Now, how do we write 12 as a product of its prime factors (2 and 3 in this case)? Above we have obtained 12 = 2 x 6 = 2(2 x 3) = 2^2 x 3, (where 2^2 means 2 squared or 2 raised to the second power).

So it must be:

12 = 2^2 x 3

We just pulled out one prime at a time, and put them together to show the product; we can do this as a stack of divisions:

$$\begin{array}{rrr}{3}\\2\overline{\big)6}\\2\overline{\big)12}\end{array}$$ $$12=2^2\times3$$

### Factoring 45

Let's try again with number 45, for example.  We begin with the smallest prime number: 2.  45 divided by 2 does not give zero as a remainder, so we must move to the next prime number, 3.
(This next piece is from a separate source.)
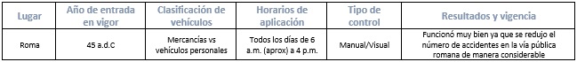 La primera restricción vehicular conocida se remonta a la Roma de Julio César, una ciudad donde, en el año 45 a. C., ya había calles y avenidas completamente colapsadas por el tráfico de vehículos, tanto para el transporte de mercancías como de personas. Ese mismo año se publica el Lex Iulia Municipalis, un compendio de recomendaciones y edictos relacionados con las ciudades. Concretamente y en referencia al tráfico de vehículos en la ciudad de Roma decía: “en esas calles en la ciudad de Roma en las que se produzcan o se vayan a producir trayectos dentro de la construcción cerrada, estará prohibido pasadas las Calendas [principio de mes] de enero conducir y dejar un vehículo de carga desde la salida del sol hasta la décima hora [4 p.m.]”. En forma de tabla esta medida puede resumirse de la siguiente manera:

45 divided by 3 gives 15 as a quotient and zero as a remainder, so 3 divides 45, and we can say that 45 = 3 x 15.

15 divided by 3 gives 5 as a quotient and zero as a remainder.  So 3 divides 15, and we can say that 15 = 3 x 5.  The divisions end here because the quotient obtained, 5, is a prime number.

So 3 and 5 are the only prime factors of 45.

Now, how do we write 45 as a product of its prime factors (3 and 5 in this case)?  Above we have obtained

45 = 3 x 15 = 3 * (3*5) = 3^2 * 5.

So it must be:

45 = 3^2 * 5

You can again verify that it is really so, doing the calculation.

$$\begin{array}{rrr}{5}\\3\overline{\big)15}\\3\overline{\big)45}\end{array}$$ $$45=3^2\times5$$

### Making a factor tree for 24

Another method to find the prime factors is to use the so-called "factor trees."  You find factors of your number, and then factors of these factors, etc., until you arrive at prime numbers.

For example, if you want to factor 24, you may know that 24 = 6 x 4. But 6 = 2 x 3 and 4 = 2 x 2, and all the factors are prime. You can write this as a "tree":

24
/    \
6      4
/ \    / \
2   3  2   2

So the prime factors are 2 and 3.  But 2 shows up three times and 3 shows up once, so:

24 = 2^3 x 3

I describe this approach as “opportunistic”: we happen to see a product, whether it involves a prime or not, and continue from there. The “leaves” of the tree (at the ends) are the primes.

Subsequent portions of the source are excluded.